▶ _Work item_:
Word for word, give the data again without its pictures.

[[ Available data open ]]

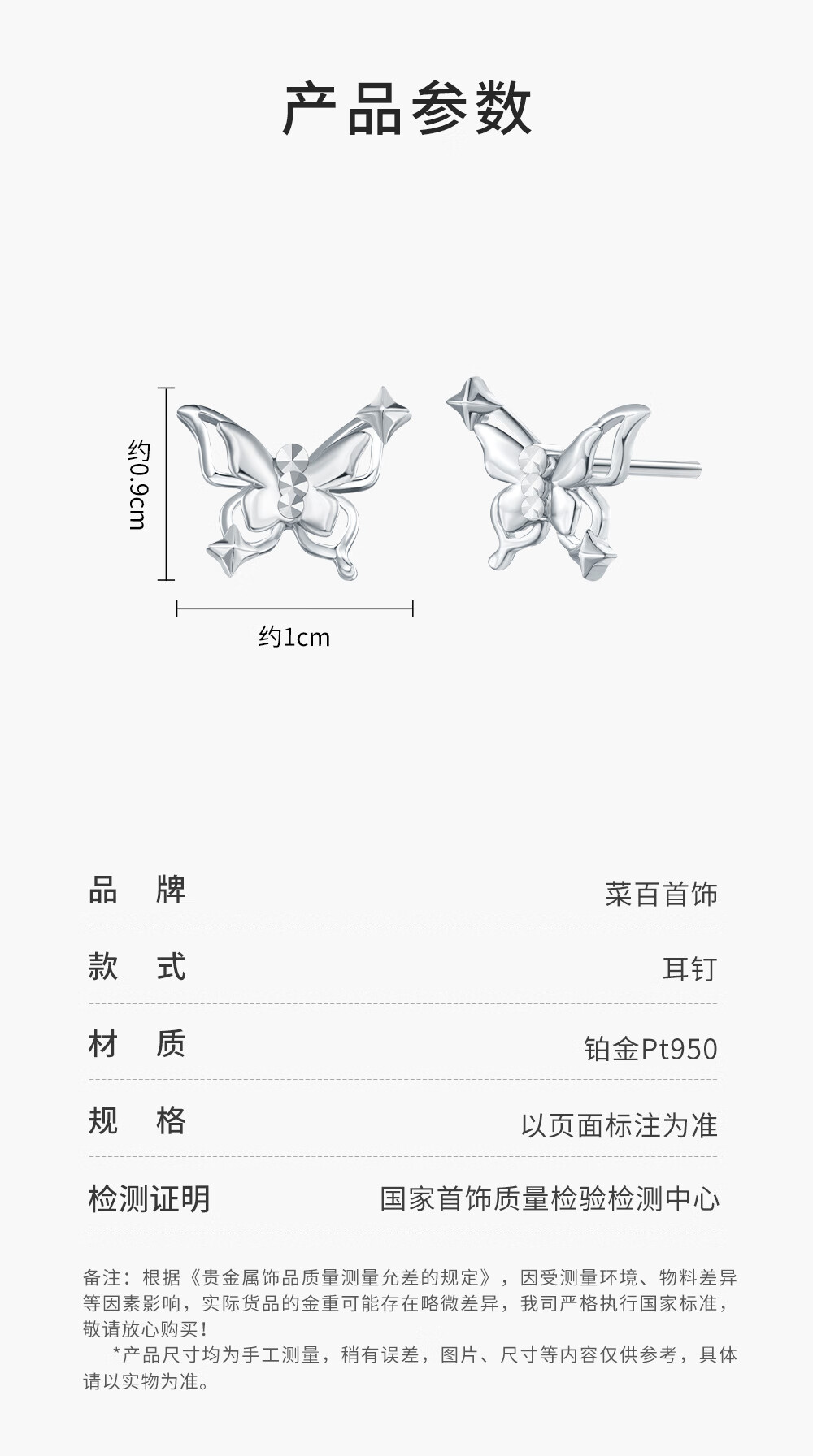 Caibai Jewelry Platinum Earrings Pt950 Platinum Fashion Design Cross Star Butterfly Earrings Price BJ Platinum Earrings About 1.71g
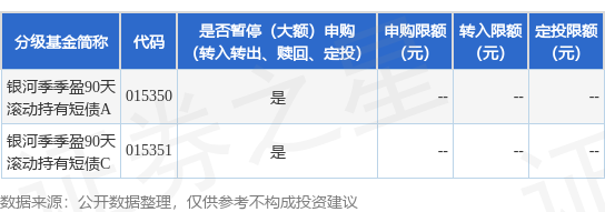 注:1)银河季季盈90天滚动持有短债债券型证券投资基金(以下简称“本基金”)暂停申购(含转换转入和定期定额投资)期间,本公司正常办理本基金的赎回和转换转出等业务。
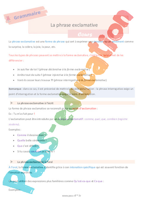 Cours de grammaire sur la phrase exclamative en 6ème.
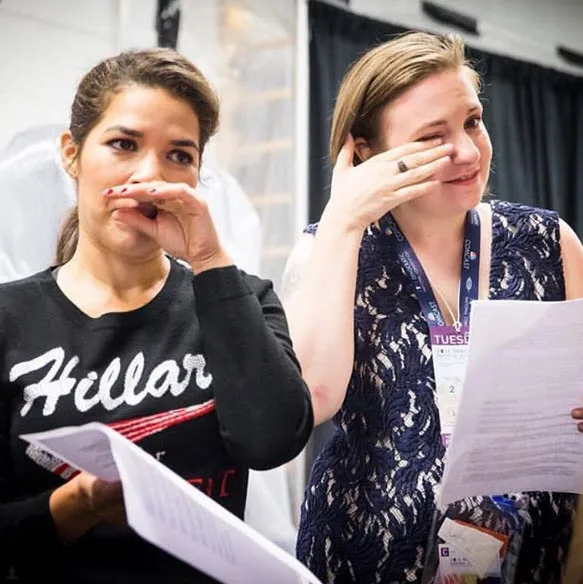 America Ferrera and Lena Dunham got emotional as they rehearsed their speech in support of Hillary.

[[ Available data closed ]]

▶ _Your response_:
 Caibai Jewelry Platinum Earrings Pt950 Platinum Fashion Design Cross Star Butterfly Earrings Price BJ Platinum Earrings About 1.71g
 注:1)银河季季盈90天滚动持有短债债券型证券投资基金(以下简称“本基金”)暂停申购(含转换转入和定期定额投资)期间,本公司正常办理本基金的赎回和转换转出等业务。
 Cours de grammaire sur la phrase exclamative en 6ème.
 America Ferrera and Lena Dunham got emotional as they rehearsed their speech in support of Hillary.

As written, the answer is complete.